The watch was extremely rare and even in its busted form had a value of at least two million pounds today. Not that he or Aileen needed the money or would ever have sold it. They had both wanted to keep it as it was, the day he had been given it. Often he had thought of having it repaired and using it, wearing it with pride, but he could never bring himself to do it. With this busted watch he felt a connection with his father and he was scared to lose that.

He had never questioned in his mind how his father, a humble stevedore, had come by something so valuable. He’d stolen it from somewhere, almost certainly.

As executor of his sister’s will, Gavin knew she’d left everything to her granddaughter, with the exception of some bequests to her staff and to charity.

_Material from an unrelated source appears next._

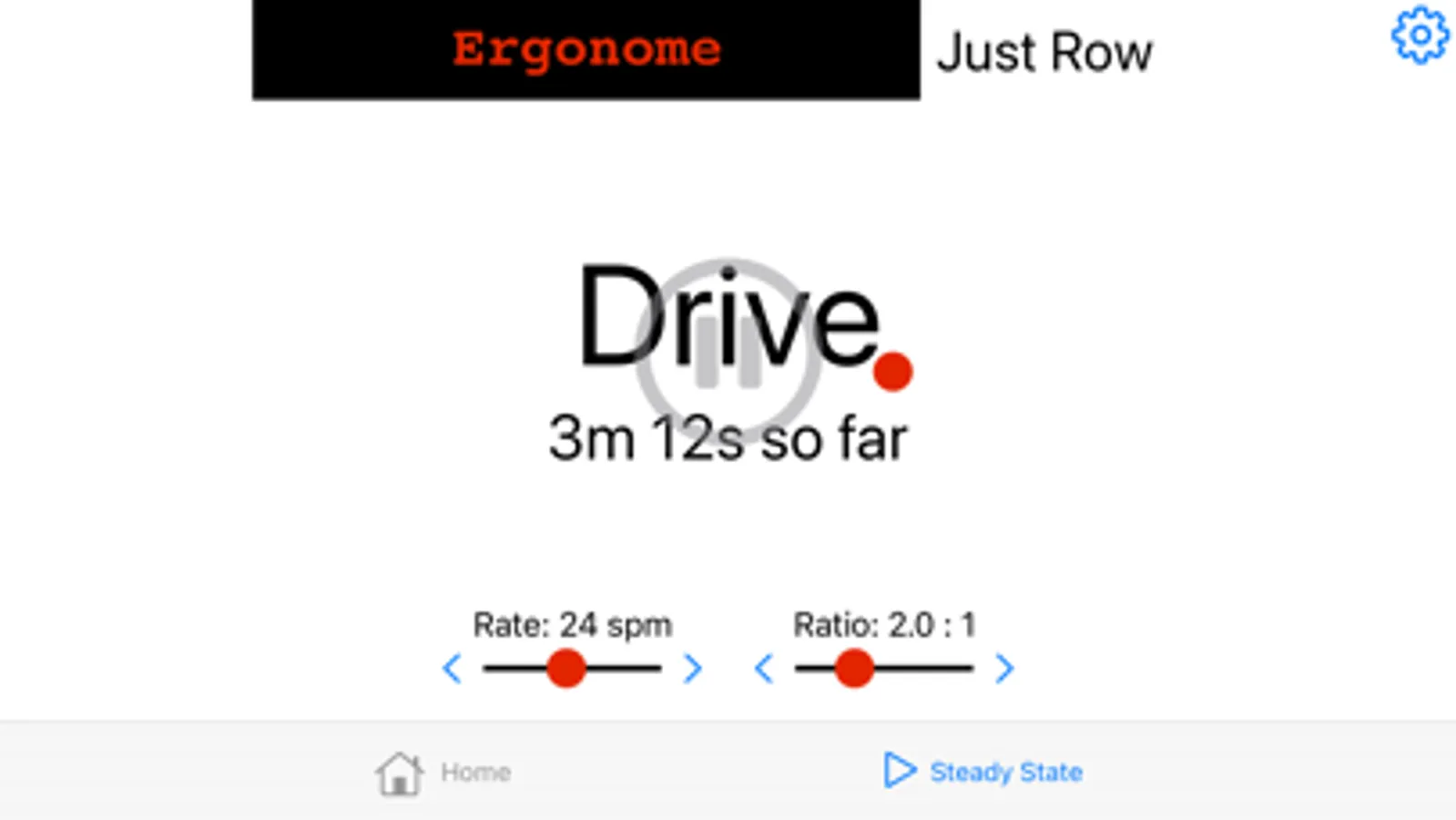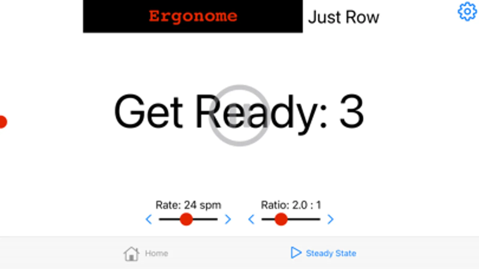 This is the "Steady State" page of the popular Ergonome indoor rower training aid. Set up the desired stroke rate and ratio and the app will keep you to it with visual and audio cues for catch and finish. Change the rate and ratio mid-session. Use it for long aerobic and short anaerobic work, and watch your fitness improve. Download the fully featured Ergonome app to use, create and save structured sessions - pyramids, staircases, castles and so on - and watch it improve even more.

As he stared at it, tears welling in his eyes, a voice from the past came back to him, like a ghost. It was long, long, ago.

On the Manhattan wharf in 1922. As he stood there, a small boy, with his sister and his aunt, the youth with a cap, pushing through the crowd, thrusting a heavy brown-paper bag into his hand, containing a gun, the watch and the newspaper front page.

Watch the numbers.

He had been trying to puzzle out what the boy had meant for ninety years. He was scared he would go to his grave never knowing.